Cyber-risk is no longer just a technology issue, but also a boardroom issue, according to new research from Aon, the global professional services firm.

According to the company’s Cyber Risk Report for the year, cyber events that cause reputation risks can result in an average of 27 per cent drop in shareholder value.

It built on Aon’s 2023 research, which showed that major cyber incidents led to an average 9 per cent decline in shareholder value.

Aon global cyber leader Brent Rieth said: “Our latest research underscores the importance of proactive risk mitigation. Organisations that invest in preparedness and resilience are far better positioned to avoid the reputational and financial fallout that can follow a cyber event.”

Of the 1,414 cyber events analysed by Aon researchers, 56 developed into reputation risk events, defined as cyber incidents that attract significant media attention and lead to a measurable decline in share price.

Malware and ransomware attacks were the most likely to trigger reputational damage, accounting for 60 per cent of all reputation risk events, despite making up only 45 per cent of total cyber incidents.

Five drivers of value recovery — preparedness, leadership, swift action, communication and change — were identified as critical levers for mitigating reputational fallout.
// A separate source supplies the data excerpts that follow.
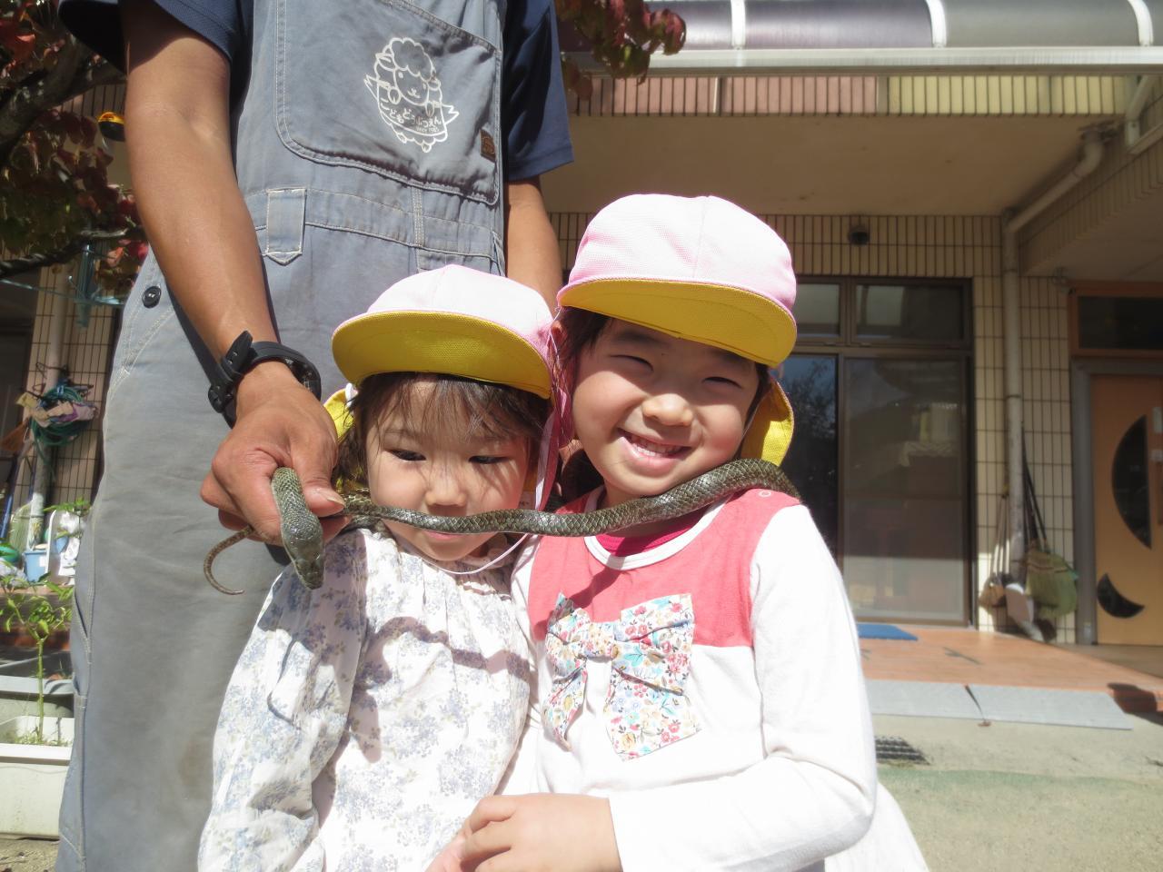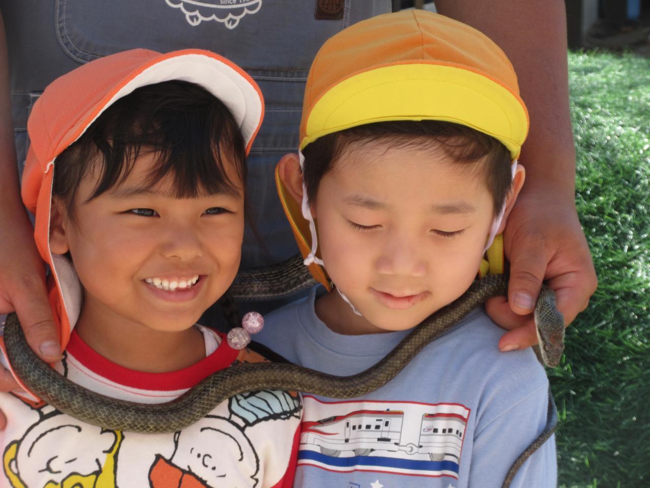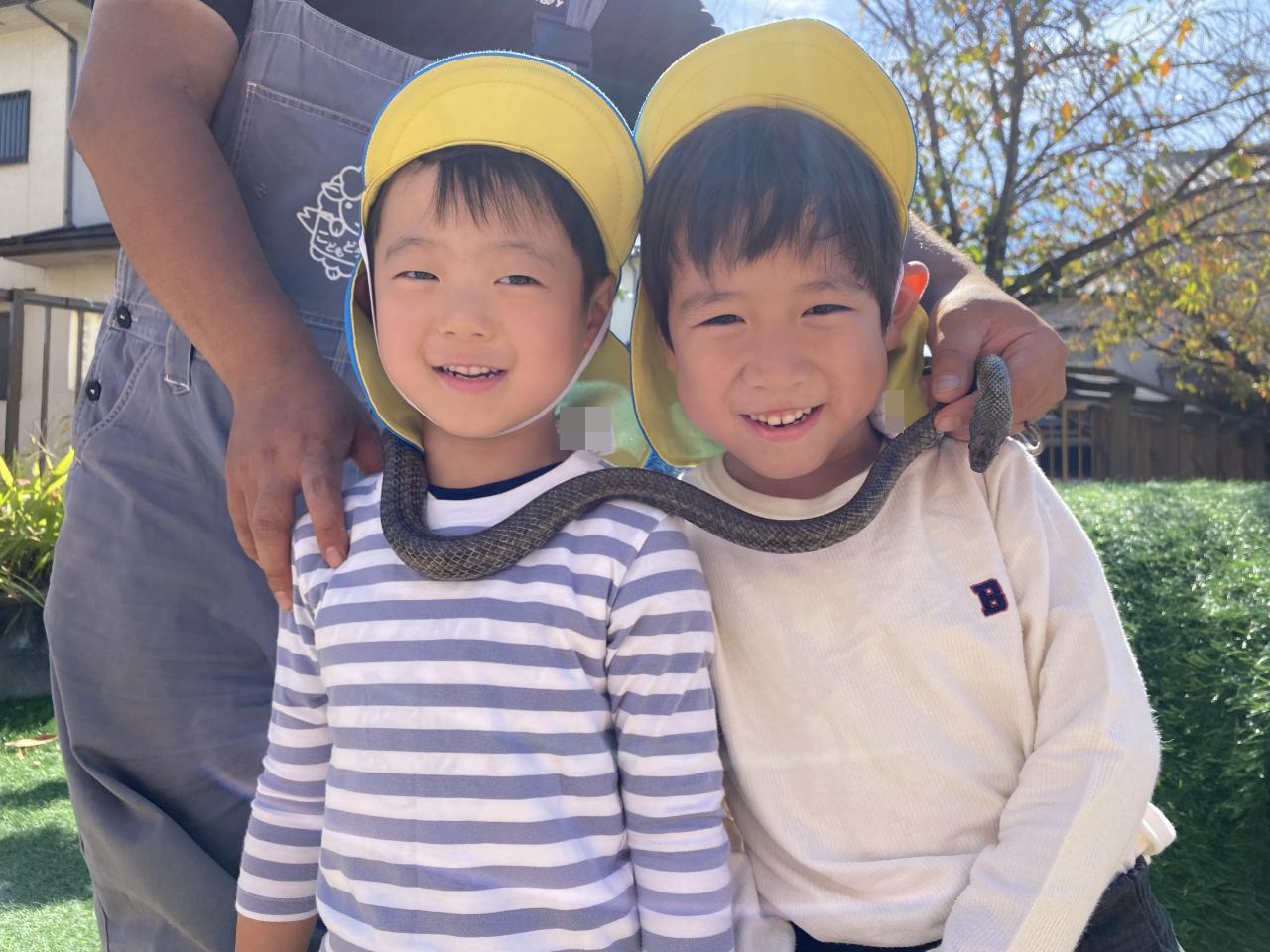 毎年恒例のヘビ巻きを楽しみにしていました❗勢い良く立候補してくれましたが、いざとなるとドキドキしていましたよ😄
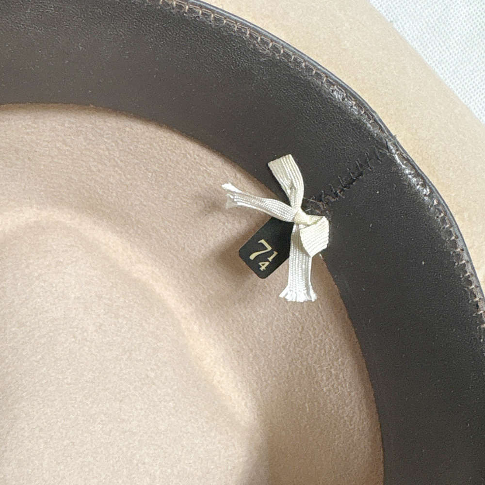 定番といっても過言では無いライトベージュカラーの一品で、1段巻きの細幅リボン、7.4CMの超ワイドブリムという存在感が素晴らしい人気ディテールが光ります。
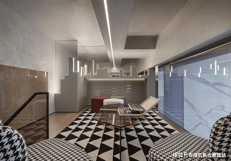大片深棕色落地玻璃,使整体宛如生长在室内的建造物,结构强烈,与空间有机结合。
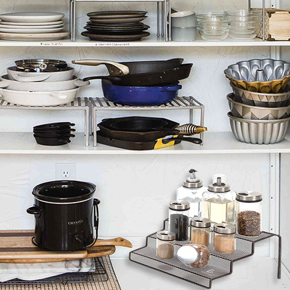 Estante organizador de especias de 3 niveles, ampliable, para armario de cocina, estantes para especias
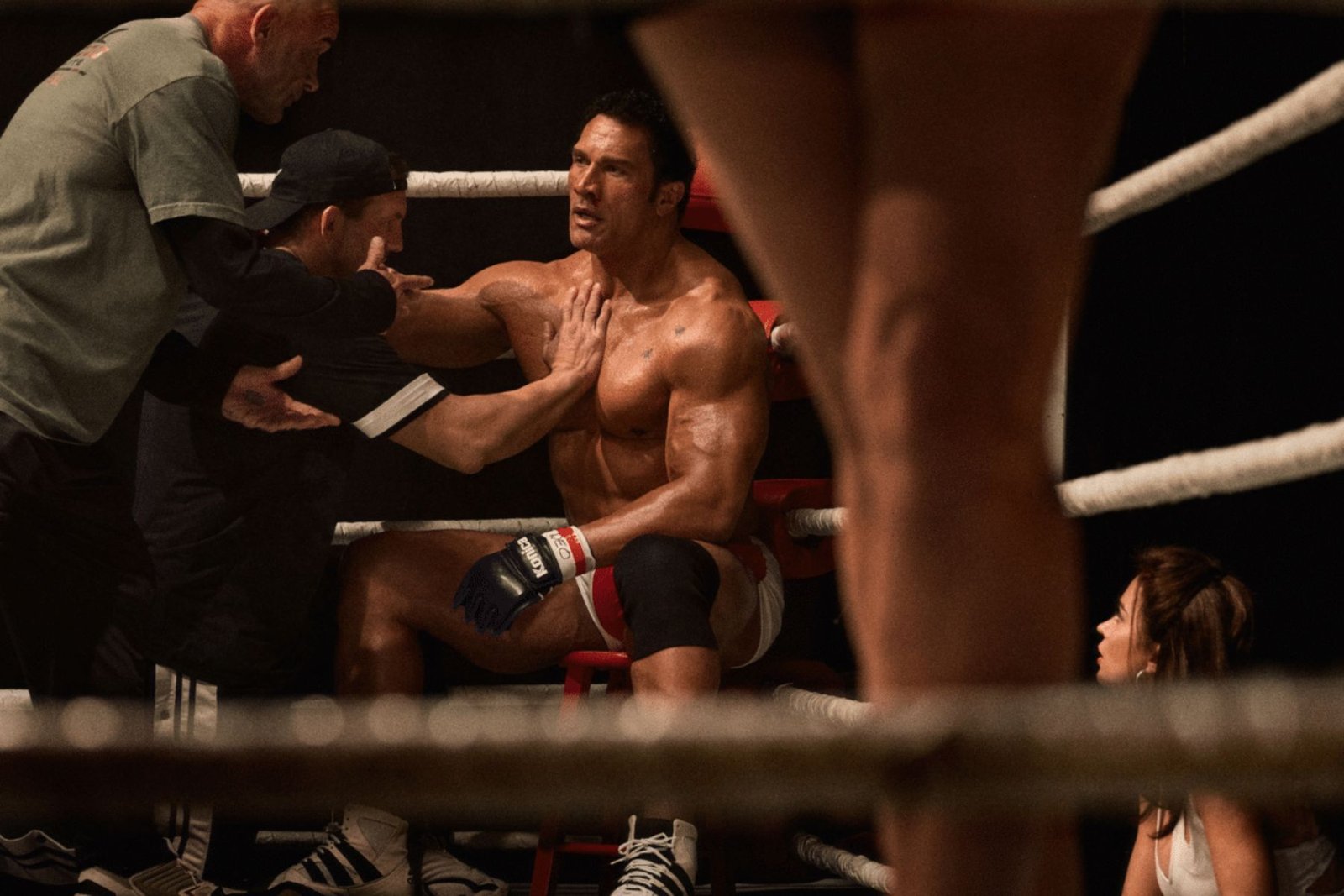 A lot of this feeling comes from the way the movie is shot. The camera stays close, but not always where you’d expect, especially during the fight scenes. Rather than putting you right in the action, it keeps you just outside, surrounded by the noise and movement around the ring. It feels messy in a natural way, and that makes it a little tougher to watch, but in a good way.
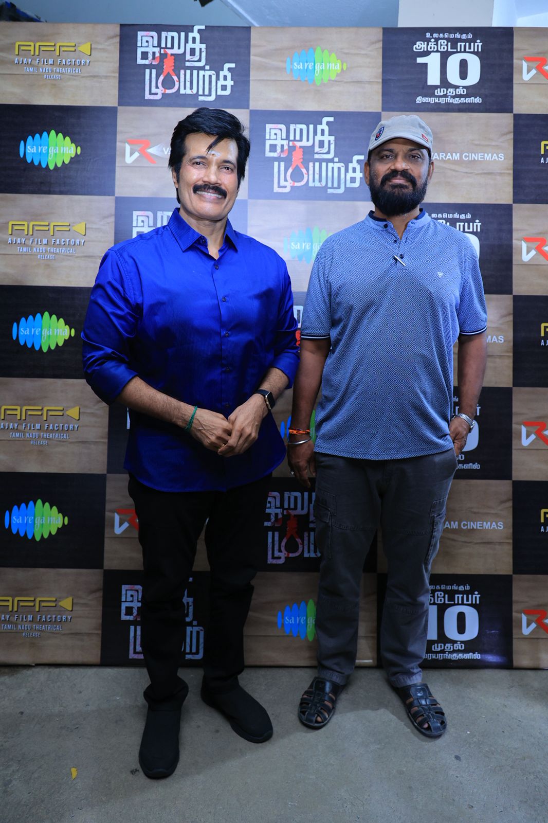 இயக்குநர் ஆர். வி. உதயக்குமார் பேசுகையில், ” இறுதி முயற்சி படத்தின் முன்னோட்டம் சிறப்பாக இருந்தது. நண்பர் ரஞ்சித் எமோஷனலாக நடித்திருக்கிறார். நடிகர் ரஞ்சித் படத்தின் ஒவ்வொரு காட்சியிலும் சிறப்பாக நடித்திருப்பார் என இந்த முன்னோட்டத்தை பார்க்கும்போது தெரிகிறது. இந்த கதையை நன்றாக உள்வாங்கி உணர்ந்து கொண்டு ரஞ்சித் நடித்திருக்கிறார் எனத் தோன்றுகிறது. இந்த விசயத்தில் இயக்குநர் என்ன எதிர்பார்க்கிறாரோ…! அதற்குள்ளாகவே வளைய வந்து நடித்திருக்கிறார். இதனை ஒரு சில நல்ல நடிகர்களால் மட்டுமே நடிக்க முடியும். அந்த வகையில் இந்த படத்தில் சிறப்பாக நடித்திருக்கும் ரஞ்சித்தை பாராட்டுகிறேன். வாழ்த்துகிறேன்.
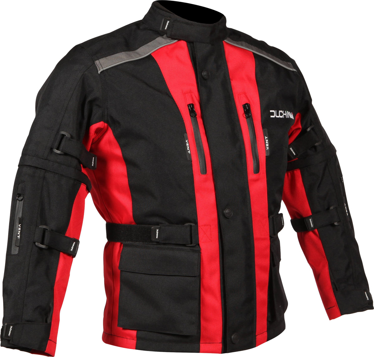 It’s a family affair. Jago gives you total peace of mind with its durable, secure and highly visible design. Ensure your precious cargo is covered. DUCHINNI JAGO children's motorcycle riding jacket has adjustable sleeve lengths to compensate for growth. It has an abrasion resistant outer shell, fixed waterproof liner and a removable Thermo Mix insulating liner as well as vents with zipper closure making it a versatile year round option. Fitted with 5 piece removable CE approved shoulder, elbow and back armor. Approximate size guide: XS 6-7 years, SM 8-9 years, me 9-10 years, LA 10-12 years, XL 12-14 yrs.
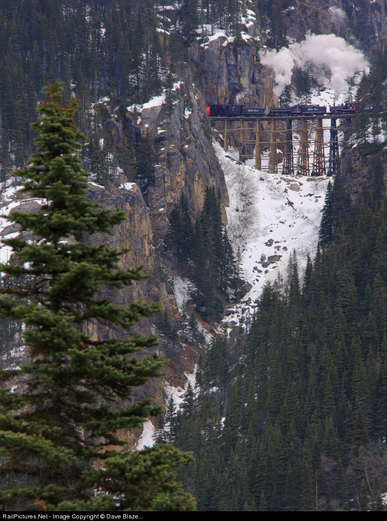 | Cliff Hanging! - The White Pass & Yukon's "rotary fleet" consisting of vintage snowplow #3 (Cooke - 1899) is marching upgrade trailed by twin steam locomotives #73 (Baldwin 2-8-2 blt. 5-47) and #69 (Baldwin 2-8-0 blt. 4-07) and coach 211 as it heads for White Pass summit and the Canadian border to do battle with the snow drifts in the time honored tradition. This is the task for which she was built 111 years ago. The train is traversing the high line and is just shy of 16 miles from Skagway and tidewater but has already climbed over 2000 feet. Here the train is curling over the curved wooden trestle of bridge 15C and into one of two tunnels on the line (250 ft long tunnel 15). This shot was taken from the platform of the following passenger train as we sat near MP 12.2 looking across the canyon of the Skaguay River which is some 1000 ft below the train clinging to the mountain side of the White Pass' "high line." |
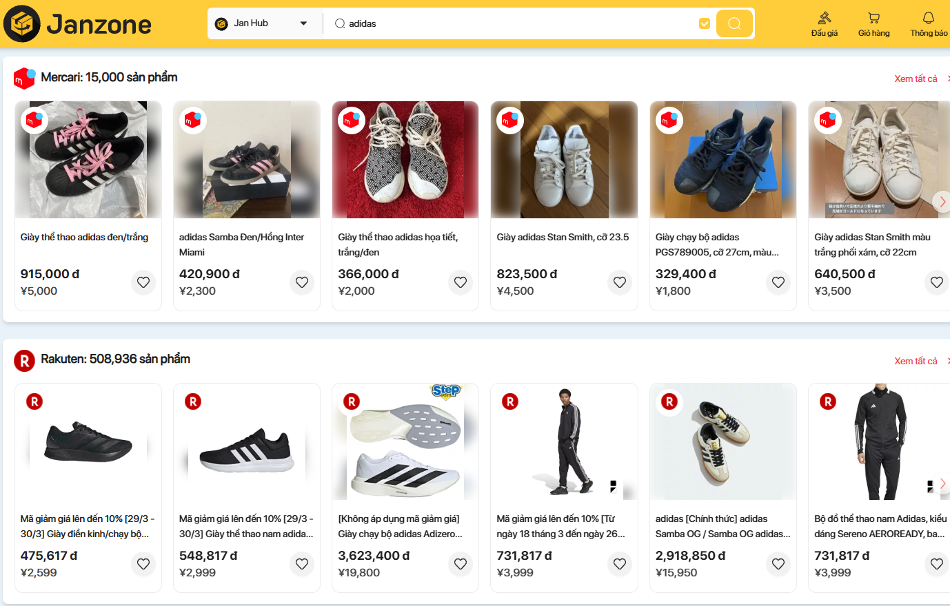 Ngoài việc có thể mua order qua dịch vụ xách tay, nhờ người thân tại Nhật mua hộ, thì giờ đây, chỉ cần thích là bạn có thể tự mình order giày Adidas Nhật một cách đơn giản khi có sự hỗ trợ từ công cụ mua hàng Janzone.com. Đây là website hoàn toàn bằng tiếng Việt, giúp khách hàng có thể mua hàng trực tiếp từ Nhật về Việt Nam, bao gồm giày dép chính hãng và hàng ngàn mặt hàng khác với mức chi phí SIÊU TIẾT KIỆM.

The report also highlights the growing challenge of managing uninsurable risks. While cyber insurance can help transfer some financial exposure, reputation risk remains largely non-transferable, making proactive risk management and crisis response essential.

“As cyberthreats grow more complex and interconnected, companies need a clearer view of their exposure, stronger alignment between cybersecurity and insurance strategies, and the tools to make better, data-driven decisions,” Mr Rieth said.

In the report’s executive welcome, Mr Rieth explained that competition had heightened globally across the cyber insurance marketplace and, after realising ten straight quarters of pricing decreases for United States-based risks, cyber insurance pricing continued its softening trend, ending with a 7 per cent decline in Q1 2025.

“The time is ideal for businesses of all sizes to enter the cyber insurance market, and this is of utmost importance for increasingly vulnerable middle market companies,” Mr Rieth said.

These organisations filed more cyber claims than any other group last year and, from a preparedness standpoint, 55 per cent have not carried out a cybersecurity tabletop exercise.

Meanwhile, 45 per cent have vulnerability scans that cover less than 100 per cent of the enterprise, significantly increasing the potential risk for business interruption loss owing to a cyber event.

Mr Rieth said better education and awareness around cyber-risk is needed.